Loews Corp., the company run by New York's Tisch family, gained the most since May after fourth-quarter earnings beat analysts' estimates and the insurance unit declared its first dividend since 2008.
Loews advanced $1.87, or 4.5 percent, to $43.27 in New York Stock Exchange composite trading. Operating income in the fourth quarter was $1.17 a share, compared with the 88 cent estimate of two analysts surveyed by Bloomberg. CNA Financial Corp., the insurer controlled by Loews, will pay a dividend of 10 cents a share on March 2, the company said.
The payout "demonstrates the progress we have made in restoring our financial strength," said Thomas Motamed, CNA's chief executive officer.
CNA, 90 percent owned by Loews, went to its parent for capital amid investment declines and three quarterly losses at the end of 2008 and beginning of 2009. The insurer in December redeemed the remaining $500 million of preferred stock issued to Loews during the financial crisis, allowing it to resume its dividend.

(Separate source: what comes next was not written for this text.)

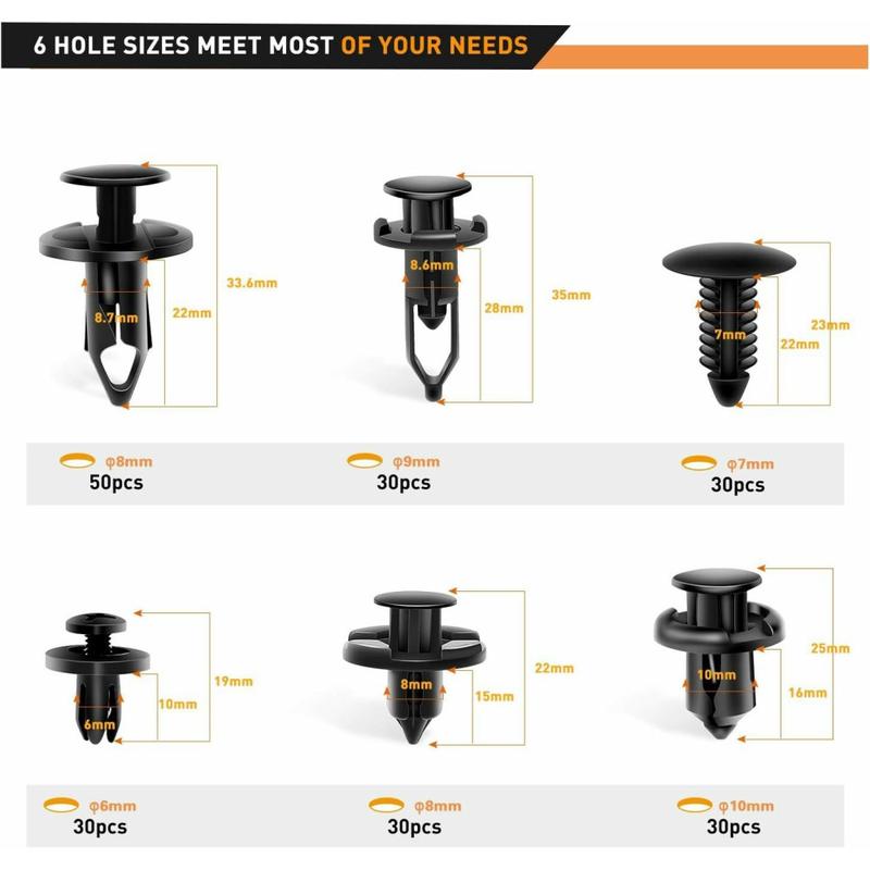 Mit sechs Größen, 200 Teilen und einem praktischen Abreißwerkzeug haben Sie alles, was Sie für routinemäßige Reparaturen am Auto brauchen - und müssen nicht mehr in Ersatzteilläden nach fehlenden Clips suchen. Die universelle Kompatibilität und die robuste Konstruktion machen es zu einem Muss für jeden, der bei der Pflege seines Autos Zeit und Ärger sparen möchte.

Fourth-quarter net income at Loews jumped 16 percent to $466 million as results improved at Chicago-based CNA on so-called limited partnership investments, which can include hedge funds, private equity placements and real estate. Net income at CNA advanced to $302 million from $246 million.
CNA gained $2.45, or 8.8 percent, to $30.19, the biggest jump since August 2009.